Exercise - Only the lines from the one that contains "- Rámčeky okolo" to the last line below, both included, should be transcribed. Pictures stay out of the copy.

=== Data section ===

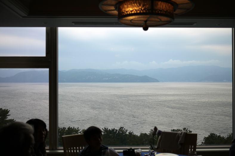 お店唯一の個室の広く取られた窓からは、相模灘越しに伊豆半島が見渡せます。
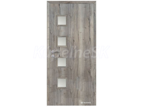 - Rámčeky okolo skla sú vyrobené z materiálu MDF a potiahnuté fóliou s rovnakým vzorom ako krídlo dverí. Možnosť zasklenia s čiernymi zasklievacími rámčekmi za príplatok.
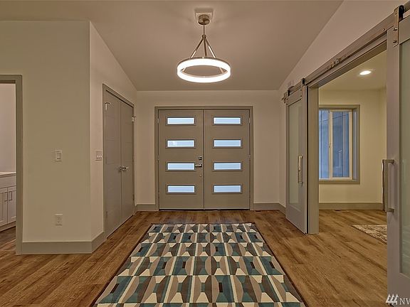 Stunning contemporary remodel - open floor plan 5 bedroom / 3.5 bathroom rambler with vaulted ceilings, french doors & custom millwork - on fully fenced and landscaped 1/3 acre lot complete with RV parking. Stone pillared entry punctuated by 24' cedar beam offers dramatic curb appeal. Modern interior boasts Quartz countertops, glass tile backsplash, soft pull cabinets, GE stainless appliance package, custom chrome LED lighting, jetted soaker tub and glass shower set in Italian porcelian tile.

===

Answer section -
 - Rámčeky okolo skla sú vyrobené z materiálu MDF a potiahnuté fóliou s rovnakým vzorom ako krídlo dverí. Možnosť zasklenia s čiernymi zasklievacími rámčekmi za príplatok.
 Stunning contemporary remodel - open floor plan 5 bedroom / 3.5 bathroom rambler with vaulted ceilings, french doors & custom millwork - on fully fenced and landscaped 1/3 acre lot complete with RV parking. Stone pillared entry punctuated by 24' cedar beam offers dramatic curb appeal. Modern interior boasts Quartz countertops, glass tile backsplash, soft pull cabinets, GE stainless appliance package, custom chrome LED lighting, jetted soaker tub and glass shower set in Italian porcelian tile.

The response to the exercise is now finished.